- [Task brief]
Each line below should be repeated exactly as written, with no pictures carried over.

- [Information provided]
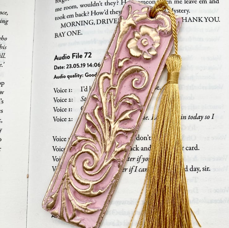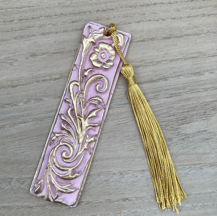 Handmade Architectural Moulding Bookmark With Tassel in Pink & Gold
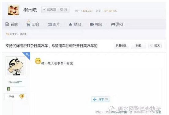 19日上午,網安民警巡查發現網民“Seven柒罒”在《百度貼吧——衡水吧》發表題為“支持民間組織打砸日美汽車,希望用車鎖砸死開日美汽車車主”的貼文,該網民還在帖文中聲稱:“砸不死人這事都不算完”。網安民警根據發帖線索展開偵查,很快找到網民王某。
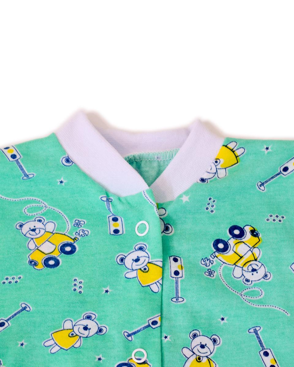 Боди детское Amoteks, кулирка, р.74, нежный хлопок для комфорта малыша, зеленый с милыми мишками
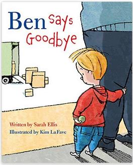 Sarah Ellis revives the relatable character of preschool-aged Ben in her new book, Ben Says Goodbye. In this story, Ben’s best friend Peter is moving away, and Ben is very sad. Ben and Peter watch as the moving truck is packed up, and Ben’s family tries to help ease the transition by suggesting that Peter can visit or that the friends can talk online. Finally it is time for Ben to say goodbye, but he doesn’t want to. Instead, Ben decides that he is going to move too – not to some faraway place, but underneath the kitchen table into his “cave”. Cave Ben protects himself with a club (flashlight) and pointed stick (pencil), and tames a lion (stuffed) as his only friend. He ‘finds’ food (left outside the cave) and only speaks in grunts. After a while, Ben begins to draw on the walls of his cave. He draws copious stories of two best friends who have many happy adventures. Then he draws a story of two friends who live far apart and tunnel to the center of the earth to have a barbeque. This story projection seems to help Ben come to terms with the loss of his friend, and, at the inviting smell of popcorn and view of a fire in the fireplace, Ben finally crawls out of his cave to join his family. Ben hears a loud honk while snuggling with his family in front of the fire and watches curiously as movers unload box after box of stuff and then eventually a new blue scooter. He comes full circle in his emotional journey and begins to wonder if maybe the scooter is the exact right size to fit a new friend. Losing a friend to a move is a familiar experience for children and adults alike, and this story will resonate with readers. Readers will relate to Ben’s unwillingness to say goodbye and his inclination to hide away and remember the fun times he and Peter had together. However, after being given some time and space to process his complicated emotions, Ben emerges ready to connect with his supportive family and consider the possibility of new friendships. The text of the story is accessible and simple. The only term that might trip up a reader is a few references to a game called ‘sniggle-ball’. This may or may not be a made-up game, but children may ask about it as it will likely be unfamiliar. The text also accurately captures the thoughts and feelings of a young child dealing with a sad life change. The illustrations by Kim LaFave in this story appear to be a combination of drawn and computer-generated, and they strongly support the text They are colourful and engaging, and the facial expressions on the characters are expressive. They also add depth and undertone to the text that is not there without them. For example, when the text describes Ben retreating under the table, he is said to have a club, a pointed stick, and a tame lion. Readers will see though through the illustrations that these are really a flashlight, a pencil, and a stuffed lion. The cave drawings that Ben appears to draw are also excellent, depicting a world of fancy and imagination perfect for a creative child. The entire feel of the pages with his drawings is completely different from the feel of the illustrations in the rest of the book, which serves the story well. It is also an interesting device to watch the progression of Ben’s stuffed lion in the book go from neglected toy to his only friend to security blanket. Due to the nearly universal experience depicted of losing someone you care about to moving away, Ben Says Goodbye is a story that many readers will relate to. Equally important though is the quiet message to readers that you can remember a friend while still participating in your life and looking forward to making new friends and memories. Ben Says Goodbye would be a good purchase for public libraries and school libraries that serve children in the preschool/kindergarten age group. Highly Recommended. Carla Epp is a hospital librarian with the University of Manitoba in Winnipeg, MB.

- [Answer to this exercise]
 Handmade Architectural Moulding Bookmark With Tassel in Pink & Gold
 19日上午,網安民警巡查發現網民“Seven柒罒”在《百度貼吧——衡水吧》發表題為“支持民間組織打砸日美汽車,希望用車鎖砸死開日美汽車車主”的貼文,該網民還在帖文中聲稱:“砸不死人這事都不算完”。網安民警根據發帖線索展開偵查,很快找到網民王某。
 Боди детское Amoteks, кулирка, р.74, нежный хлопок для комфорта малыша, зеленый с милыми мишками
 Sarah Ellis revives the relatable character of preschool-aged Ben in her new book, Ben Says Goodbye. In this story, Ben’s best friend Peter is moving away, and Ben is very sad. Ben and Peter watch as the moving truck is packed up, and Ben’s family tries to help ease the transition by suggesting that Peter can visit or that the friends can talk online. Finally it is time for Ben to say goodbye, but he doesn’t want to. Instead, Ben decides that he is going to move too – not to some faraway place, but underneath the kitchen table into his “cave”. Cave Ben protects himself with a club (flashlight) and pointed stick (pencil), and tames a lion (stuffed) as his only friend. He ‘finds’ food (left outside the cave) and only speaks in grunts. After a while, Ben begins to draw on the walls of his cave. He draws copious stories of two best friends who have many happy adventures. Then he draws a story of two friends who live far apart and tunnel to the center of the earth to have a barbeque. This story projection seems to help Ben come to terms with the loss of his friend, and, at the inviting smell of popcorn and view of a fire in the fireplace, Ben finally crawls out of his cave to join his family. Ben hears a loud honk while snuggling with his family in front of the fire and watches curiously as movers unload box after box of stuff and then eventually a new blue scooter. He comes full circle in his emotional journey and begins to wonder if maybe the scooter is the exact right size to fit a new friend. Losing a friend to a move is a familiar experience for children and adults alike, and this story will resonate with readers. Readers will relate to Ben’s unwillingness to say goodbye and his inclination to hide away and remember the fun times he and Peter had together. However, after being given some time and space to process his complicated emotions, Ben emerges ready to connect with his supportive family and consider the possibility of new friendships. The text of the story is accessible and simple. The only term that might trip up a reader is a few references to a game called ‘sniggle-ball’. This may or may not be a made-up game, but children may ask about it as it will likely be unfamiliar. The text also accurately captures the thoughts and feelings of a young child dealing with a sad life change. The illustrations by Kim LaFave in this story appear to be a combination of drawn and computer-generated, and they strongly support the text They are colourful and engaging, and the facial expressions on the characters are expressive. They also add depth and undertone to the text that is not there without them. For example, when the text describes Ben retreating under the table, he is said to have a club, a pointed stick, and a tame lion. Readers will see though through the illustrations that these are really a flashlight, a pencil, and a stuffed lion. The cave drawings that Ben appears to draw are also excellent, depicting a world of fancy and imagination perfect for a creative child. The entire feel of the pages with his drawings is completely different from the feel of the illustrations in the rest of the book, which serves the story well. It is also an interesting device to watch the progression of Ben’s stuffed lion in the book go from neglected toy to his only friend to security blanket. Due to the nearly universal experience depicted of losing someone you care about to moving away, Ben Says Goodbye is a story that many readers will relate to. Equally important though is the quiet message to readers that you can remember a friend while still participating in your life and looking forward to making new friends and memories. Ben Says Goodbye would be a good purchase for public libraries and school libraries that serve children in the preschool/kindergarten age group. Highly Recommended. Carla Epp is a hospital librarian with the University of Manitoba in Winnipeg, MB.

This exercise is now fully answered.